Come un insetto mi sono imbattuto in Lei qualche anno fa. L’impatto fu in effetti fragoroso ma, esattamente come la tela del ragno è costruita per reggere l’urto degli insetti in volo, così la Sua tela assorbi il mio desiderio, scaturito immediatamente, e lo domò e indirizzò secondo la Sua volontà.
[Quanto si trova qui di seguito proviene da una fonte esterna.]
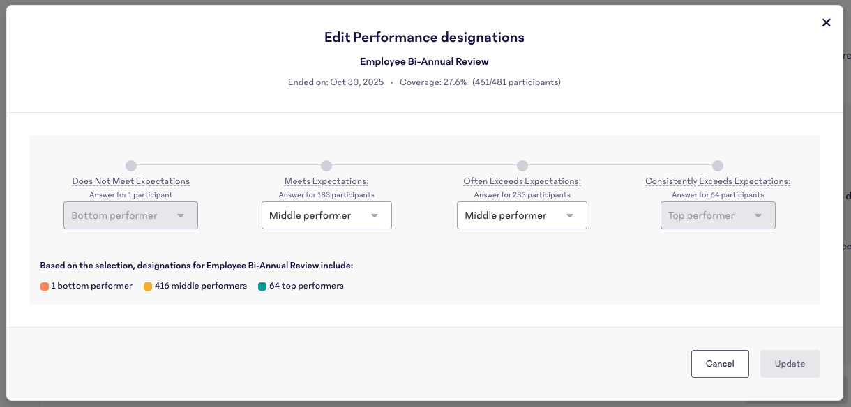 HR admins have more flexibility in how performance scores translate into performance designations like Top, Middle, and Bottom Performer. See our Configure HR Outcomes article for how to access this.

I primi secondi ai Suoi piedi, che ho già descritto altrove, furono un’esplosione poderosa di sensualità ed erotismo raffinato e potente. L’erezione immediata, l’atmosfera drammatica come si conviene a un atto di dominazione e privazione di libertà, tutto aveva una potenza d’urto potenzialmente destabilizzante. Invece, la Sua voce tranquilla, le Sue mani sapienti, la perfezione della Sua figura e il magnetismo del Suo sguardo agirono come la tela, elastica e resistente.
Con l’andare del tempo, mano a mano che imparò a conoscermi e governarmi, mi stimolò di continuo per spingermi a desiderarLa sempre di più. Inducendomi a muovermi dentro la tela che mi imprigionava, alla vana ricerca della Sua immensa sensualità, faceva in modo che la tela si intrecciasse intorno a me. Solleticava sempre più il mio desiderio per intrappolarmi e non potevo sottrarmi ai Suoi stimoli, non potevo non causare la mia stessa, ulteriore e definitiva sottomissione.
Quando cominciai a capire che ero ormai preda, godetti della viscosità dei fili che mi aveva intessuto intorno e dove mi teneva imprigionato. Sempre più indebolito oggi la guardo trionfare. Non ho più resistenze, ho ancora un ego la cui sopravvivenza so dipendere solo da Lei, dal Suo arbitrio. Così, rilassato e serenamente prigioniero, non mi dimeno più, del resto sono totalmente impossibilitato a muovermi. Posso solo ammirarLa, desiderarLa e ubbidirLe, nella speranza che mi conceda un briciolo della Sua attenzione.
Presto non avrò più forze e sarò solo la Sua preda, il nutrimento per l’incontenibile e trionfale divina vanità della mia Signora. Quel momento, sospetto, sarà forse un doloroso passaggio ma poi sarò finalmente me stesso: un uomo che vive per cantare e testimoniare la superiorità di Mistress Elvira, Signora potente e implacabile del mio destino. Oltre questo il vuoto. La mia identità totalmente trasformata in quella dello schiavo nella cui devota sottomissione si specchia il trionfo assoluto della Regina Aracnide.